We updated the headline and lead with more current information
By Tom Rosenthal
To combat current and future pandemics, the number of epidemiologists staffing big city health departments needs by 47%, according to a recent report jointly released by the Big Cities Health Coalition (BCHC) and Council of State and Territorial Epidemiologists (CSTE).
“The headline really is that big city health departments are in dire need of additional epidemiologist staffing,” Chrissie Juliano, MPP, the executive director of the BCHC, said at a video media briefing releasing the report on epidemiologist staffing. “The shortfall puts the nation’s efforts to combat future and current pandemics at risk.”
To reach full capacity, BCHC departments reported they needed to increase their epidemiology staffs by 47% “to promote and protect the health and safety of the nearly 62 million people they serve,” Ms. Juliano said. “Together these public health officials directly affect the health and well-being of nearly one in five Americans. BCHC sees the findings of this report as vital to the health of folks who live in these cities.”
There were 1,284 epidemiologists working in the 26 participating BCHC departments at the time of the survey, which assessed the period from January to May 2021. The report found that more than 175 positions went vacant in 2021, more than double the open positions four years earlier, Ms. Juliano said.
The need to increase the number of epidemiologists in local health departments became dire during the COVID-19 pandemic, according to Mysheika Roberts, MD, MPH, the Health Commissioner for City of Columbus, in Ohio, and BCHC chair, and Janet Hamilton, MPH, the CSTE executive director, the other video conference participants.
Dr. Roberts said in response to a question from Infectious Disease Special Edition to the Columbus Health Department epidemiologists about communicable diseases, the number of cases increased from about 40 per day before the outbreak to more than 1,000 daily at the height of the pandemic.

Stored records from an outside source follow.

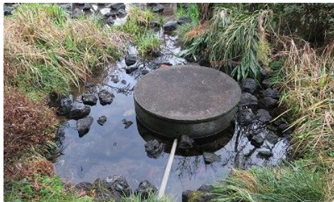
三島市・白滝公園内井戸
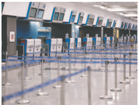
‘Counters’ de distintas aerolíneas permanecen vacíos, sin trabajadores ni pasajeros, este miércoles, en el Aeropuerto Internacional Jorge Newbery en Buenos Aires (Argentina)

LA PATRIA / EFE La ciudad de Buenos Aires amaneció este miércoles 30 de octubre con largas filas en las paradas de autobuses, el único medio de transporte que opera en la capital argentina a causa de una huelga de 24 horas que afecta a los aviones, trenes, metro capitalino (Subte) y taxis. “Me he coordinado con un vecino para ir a trabajar en su auto”, explicó a EFE Erika, una mujer que vive en un suburbio capitalino y va cada día a trabajar al centro de la capital, lo que supone, en su caso, recorrer más de 20 kilómetros. Quienes pudieron organizarse con allegados están llegando a sus puestos de trabajo, pero aquellos que dependen del transporte público ferroviario y viven en las periferias están atravesando dificultades para llegar a su destino. Por esa razón, muchos trabajadores no acudieron a sus puestos, según confirmaron a EFE varios afectados. “La gente que vive lejos y no tiene auto se está quedando en casa, no está yendo a trabajar. Sin trenes no se accede a la capital”, afirmó un ciudadano porteño. En la ciudad de Buenos Aires solo operan los autobuses urbanos (colectivos), por eso las filas desde la madrugada están siendo la nota dominante en esta jornada de huelga, a la que mañana se sumarán los conductores de autobuses si
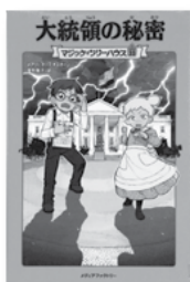
「大統領の秘密」 メアリー・ホープ・オズボーン / 著
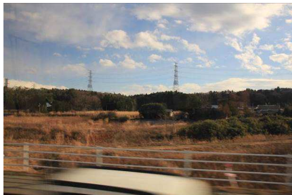
葎に覆われた常磐線と空の送電線
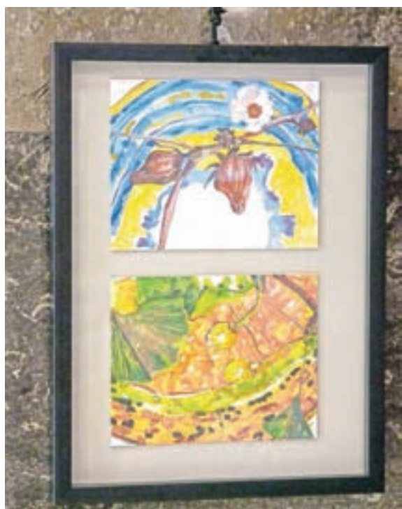
V manjšem formatu
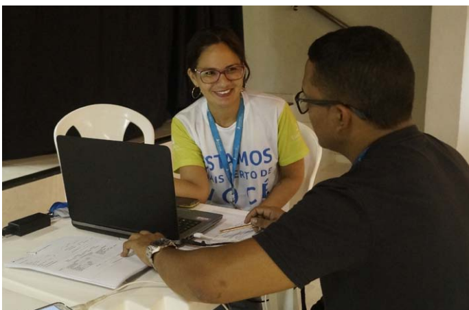
Orientações sobre consumo de energia
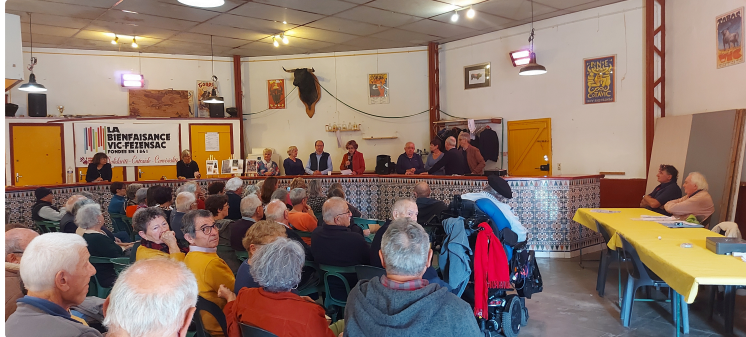
La Bienfaisance : une association historique toujours très active de 242 adhérents

“So even if you were fully staffed, you don’t have the bandwidth to expand to that volume that quickly,” Dr. Roberts said. “That’s a thousand individuals we have to interview. Then we have to get that information in the database, and then that information has to be crunched. There’s no way you can keep up with that.”
Dr. Roberts said, “This report shows that we need more epidemiologists in cities like mine, and that federal resources to fight COVID-19 are not reaching health departments on the front lines where they are needed most.”
Each of the participants said the past two years have taken a tremendous toll on public health departments. Emergency COVID-19 funding will soon disappear, “presenting yet another ‘funding cliff’ for public health,” Dr. Roberts said. “Cities need direct, sustained funding to make our nation prepared for the next pandemic and to fight ongoing health crises, like gun violence and the opioid epidemic.”
The participants said health departments shifted many of their epidemiologists to dealing with the pandemic, leaving the numerous other critical areas that epidemiologists tackle less than adequately covered. “Almost half of BCHC epis [epidemiologists] are working on COVID,” Ms. Juliano said, with another 27% focusing on infectious diseases and 8% working as generalists.
The report found that a lack of epidemiologists in local health departments means that health officials are making tough decisions, often diverting key staff from challenges such as surging gun violence, drug overdoses, obesity, tobacco use, sexually transmitted diseases, and maternal and child health and infant mortality.
“These disease detectives collect, analyze and deliver timely outbreak data to inform both policymakers and the public where outbreaks are happening and how they can be stopped,” Ms. Hamilton said. “This study makes clear what we knew anecdotally: Big cities need more staff and resources to address the magnitude of the public health concerns in their jurisdictions.”
Ms. Hamilton made noted that health departments need upgraded information technology, and Dr. Roberts said more staff are needed to input the data to be crunched and analyzed.